1.2 The Lifecycle State Machine

Understanding the lifecycle is mandatory for debugging CrashLoopBackOff or stuck deployments.

PhaseInternal StateDescription & Debug Action
PendingSchedulingAPI Server has the object in Etcd, but the Scheduler has not found a node.
Debug: kubectl get events (Look for "Insufficient CPU", "Taints", or "Unbound PVC").
ContainerCreatingPulling/MountingNode assigned. Kubelet is creating the sandbox, mounting CSI volumes, and pulling images.
Debug: kubectl describe pod (Check "ImagePullBackOff", "ErrImagePull", "MountFailed").
RunningActiveThe process has started. Note: This does not mean the app is healthy; only that the PID exists.
SucceededExit Code 0Process terminated gracefully. Normal for Batch Jobs.
FailedExit Code > 0Process crashed or was OOMKilled.
Debug: kubectl logs -p (previous logs) or check memory limits.
UnknownNode LostController Manager lost contact with the Node Kubelet (usually network partition or node crash).

1.3 Container Lifecycle Hooks

Hooks allow execution of code at specific lifecycle points.

  • postStart: Async execution. There is no guarantee this runs before the container ENTRYPOINT. Do not use this for database migrations or critical dependencies.
  • preStop: Synchronous blocking. Critical for graceful shutdowns.
    • The Problem: When a Pod is deleted, Kubelet sends SIGTERM. Many apps (Nginx, Java) sever connections immediately.
    • The Solution: Use preStop to sleep (allowing Load Balancers to drain traffic) or issue a graceful shutdown command.
    • Constraint: Must complete within terminationGracePeriodSeconds (default 30s).

1.4 Production-Grade Pod Manifest

Do not use kubectl run for production definitions.
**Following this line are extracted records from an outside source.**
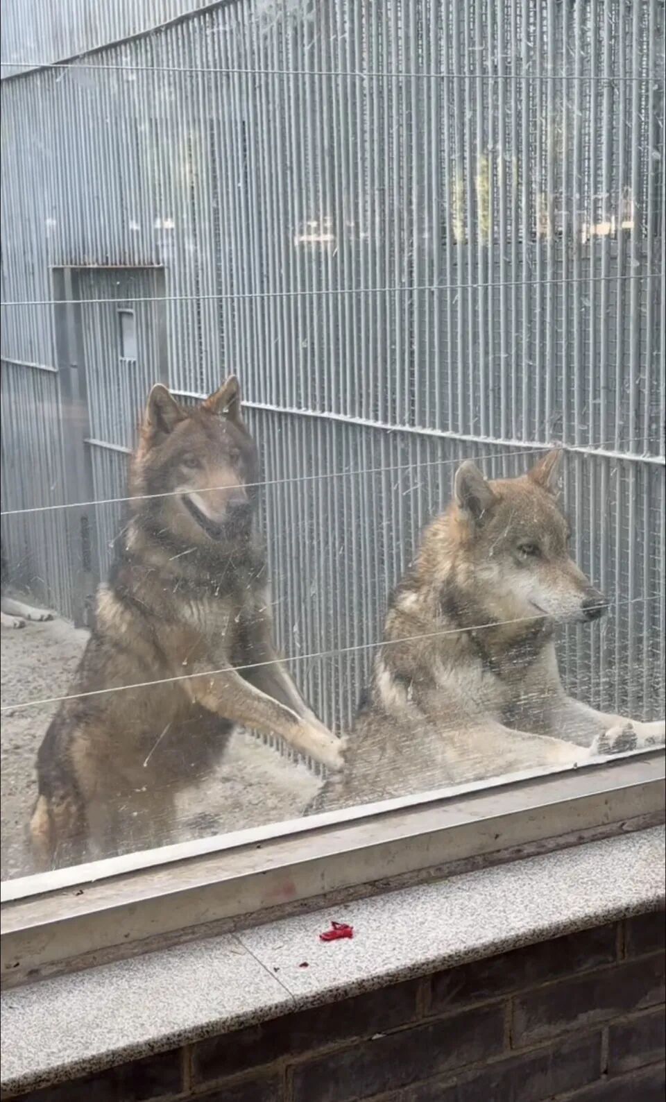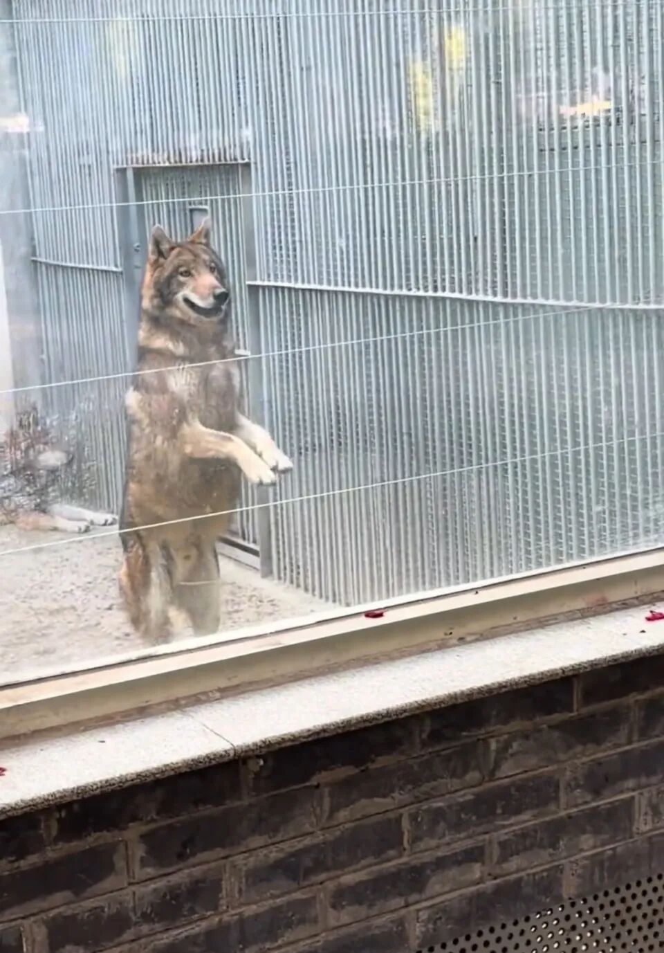 近日,有游客前往河南省平顶山市河滨公园动物园游玩时,发现狼舍里的狼见到玻璃屏障外的游客时,就后腿站立,两只前爪抱在一起微微晃动,面向游客有“作揖”的动作。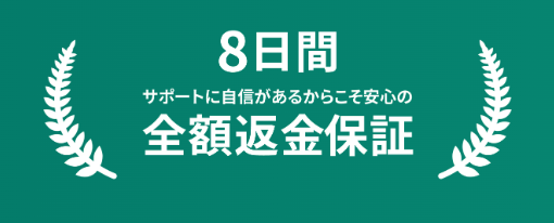 講座開始から8日以内であれば、全額返金保証を利用できます。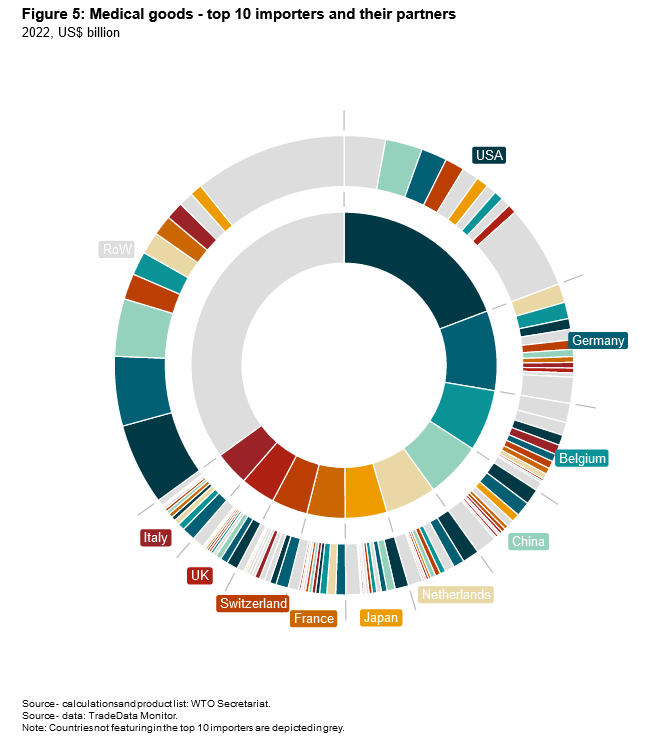 医疗产品的进口国不像出口国那样集中,前10名进口国约占世界医疗产品的三分之二,而不是四分之三。

Use this comprehensive reference.

apiVersion: v1
kind: Pod
metadata:
name: prod-payment-processor
labels:
app: payment-processor # Used by Service selectors
version: v1.2.0
tier: backend
annotations:
prometheus.io/scrape: "true"
prometheus.io/port: "9090"
spec:
# GRACEFUL SHUTDOWN: Time for preStop + SIGTERM handling
terminationGracePeriodSeconds: 45

# SCHEDULING: Soft preference for specific nodes
affinity:
nodeAffinity:
preferredDuringSchedulingIgnoredDuringExecution:
- weight: 1
preference:
matchExpressions:
- key: disktype
operator: In
values:
- ssd

# SECURITY: Run as non-root user (Best Practice)
securityContext:
runAsUser: 1000
runAsGroup: 3000
fsGroup: 2000

containers:
- name: app
image: enterprise/payment-api:1.2.0
imagePullPolicy: IfNotPresent

# PORTS: Informational only, does not open firewall
ports:
- containerPort: 8080
name: http

# RESOURCES: Mandatory for Scheduler and QoS classes
resources:
requests:
memory: "512Mi" # Guaranteed memory
cpu: "250m" # 1/4 Core guaranteed
limits:
memory: "1Gi" # OOMKill if exceeded
cpu: "500m" # Throttled if exceeded

# PROBES: Self-healing configuration
livenessProbe: # Restart if dead
httpGet:
path: /healthz
port: 8080
initialDelaySeconds: 15
periodSeconds: 20
readinessProbe: # Remove from Load Balancer if failing
httpGet:
path: /ready
port: 8080
initialDelaySeconds: 5

# LIFECYCLE HOOKS
lifecycle:
preStop:
exec:
# Nginx example: quit gracefully, don't just kill
# Generic app: sleep 5 to allow iptables propagation
command: ["/bin/sh", "-c", "sleep 5; /usr/sbin/nginx -s quit"]

2. REPLICASET (RS)

2.1 The Controller Logic

The ReplicaSet is the pure "availability engine." Its reconciliation loop is simple:

  1. Check current number of Pods with matching labels.
  2. Compare with spec.replicas.
  3. If Current < Desired: Create Pod.
  4. If Current > Desired: Delete Pod (youngest first usually).

Note: In modern Kubernetes, you rarely manage RS directly. Deployments manage RS, and RS manages Pods.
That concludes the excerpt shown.